When I talk about breaking free of the walls of the self, I don’t mean shattering the self and losing a hold of who and what you truly are. This is the hardest to explain because there is very little written on this topic. It is a challenge because this way lies madness.

So why would anyone ever take this challenge up? Because we are mages. We are shamans. We are witches. It is only through this journey that we can go beyond knowing there is magic and mystery in the world to becoming that magic and mystery ourselves.

Only by Crossing the Abyss, only by shattering the bubble of spiritual self-reflection with which we transfix ourselves, only by allowing the outside in and the inside out, can we grow. Before that, gods will look like people, and people will look just like us (and will bother us to the extent that they don’t).

Before we cross the abyss, we can know nothing. We can believe things with all our minds and all our hearts. It is only after we have completed this third task that we will truly know anything.

ProTip: The first three steps do not have to be done in that order. Each way of completing the triad comes with different risks. Since we rarely have any control over how we are called anyway, this isn’t about choosing our paths, as much as it is about understanding them.

As a shorthand, we might say that New Agers specialize in awakening the spirit. Pagans specialize in finding sacred mentors. But Crossing the Abyss is another thing. Without preparation, it is impossible to choose to cross. However, there are those who are forced across by life. These people are often thrown into madness. Crossing before you are prepared is a risky business!

The Return

When all three tasks on this quest have been accomplished, you will be something new. With an awakened spirit, sacred guidance, and clear vision, you will become magic itself. Only then will you know how freeing, and how limiting, that truly is.

What the Return looks like is different from one person to the next. For each of us, it is a matter of having built a tenuous connection between the soul and the outside world. Accomplishing this thing will not make you Doctor Strange . All of this work is done to accomplish one thing: to make you truly yourself.

The magic is inside of you. Maybe you can even feel it resonate at these simple words. The quest isn’t to believe it’s there, but to seek it out, to claim it and in turn be claimed by it.

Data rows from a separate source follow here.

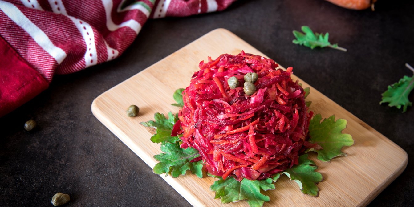Буряк — коренеплід, який містить багато поживних речовин (клітковина, марганець, мідь, калій, магній, вітаміни С та В6, залізо), а ще він низькокалорійний (на 100 г вареного буряку — 44 калорії). Ми вирішили використати ці якості овочу і приготувати з нього салат, який вразить вас оригінальним і насиченим смаком.
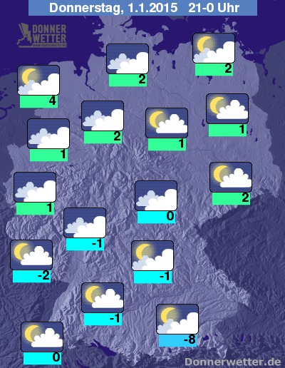 In der Nacht zum Freitag ziehen von Nordwesten her dichte Regenwolken herein, die sich bis zum Morgen etwa bis zu einer Linie von Rheinland-Pfalz nach Berlin-Brandenburg ausbreiten, dabei ist anfangs stellenweise noch mit überfrierender Nässe zu rechnen, da der Boden nicht selten noch gefroren ist. Weiter nach Südosten bleibt es dagegen bei oft aufgelockerter Bewölkung noch trocken. Die Tiefstwerte liegen bei 4 Grad an der nördlichen Ems und bei -5 Grad in München.
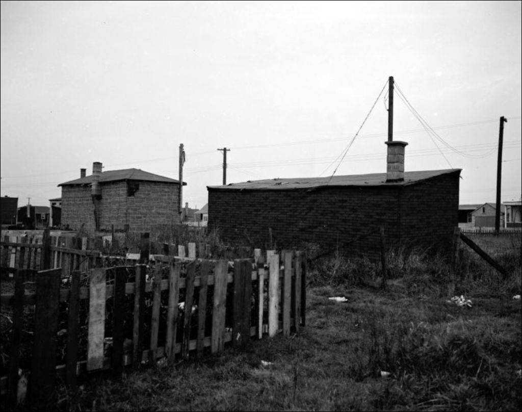 Il s'agit d'une fuite de gaz qui s'est produite dans un quartier résidentiel. Nous apercevons les résidences touchées par le sinistre (E6,S7,SS1,P55133, E6,S7,SS1,P55136 et E6,S7,SS1,P55137). Nous remarquons la porte vitrée d'une maison (E6,S7,SS1,P55139). Dossier créé pour Hydro-Québec, ministère des Ressources hydrauliques
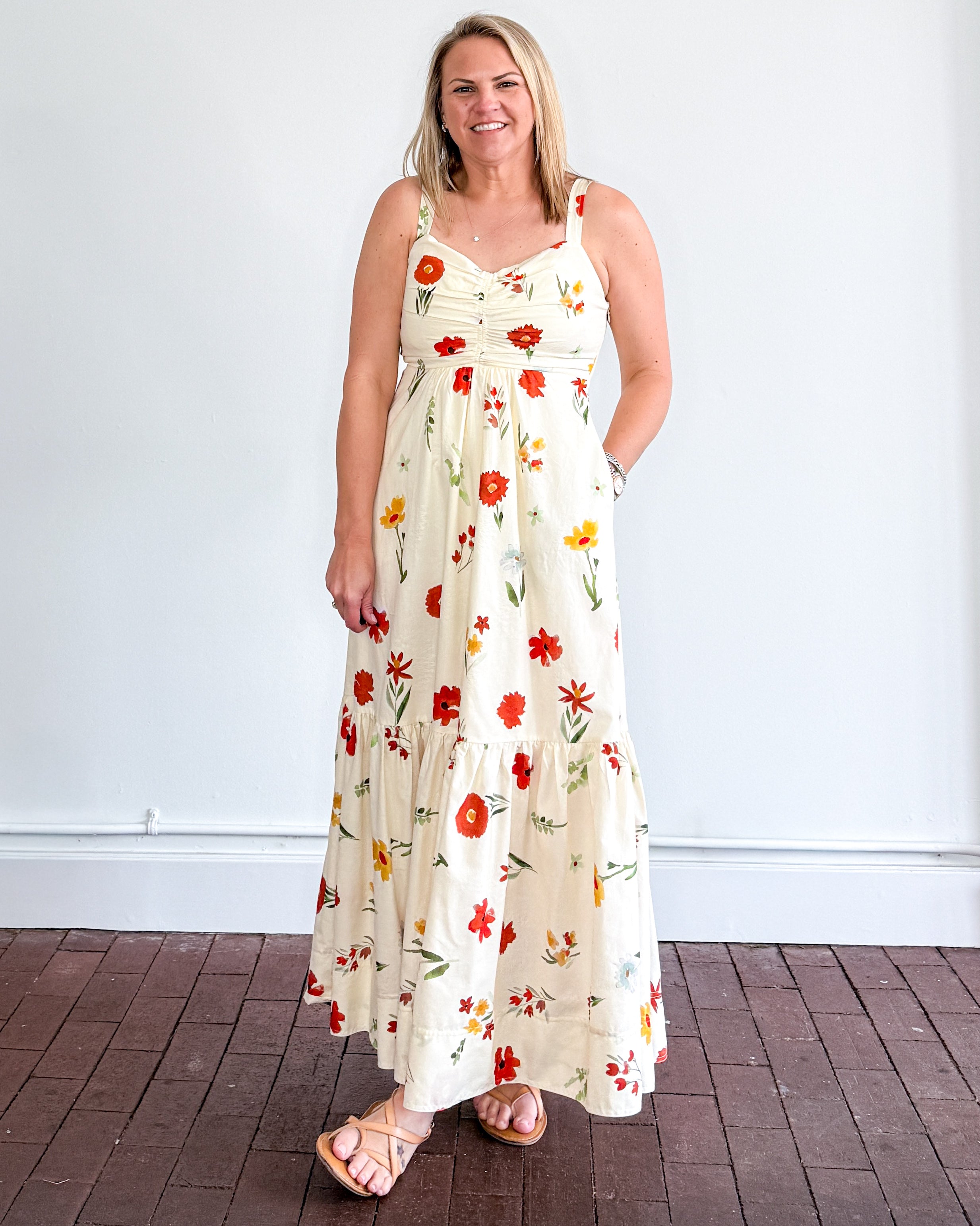 Tiered floral maxi dress. Thin, adjustable straps. Side zipper. Lined.

ProTip: The Return is just the beginning. This quest seems unending and impossible, but it’s just the first steps into the world of magic.

In the West, we face a problem of not knowing (mythologically) how deep the rabbit hole goes or how real it is. Completing these four tasks is like getting a black belt, or a Ph.D. – it seems like a distant goal when you begin, but by the time you get there, you’ll know that you have only begun your real journey.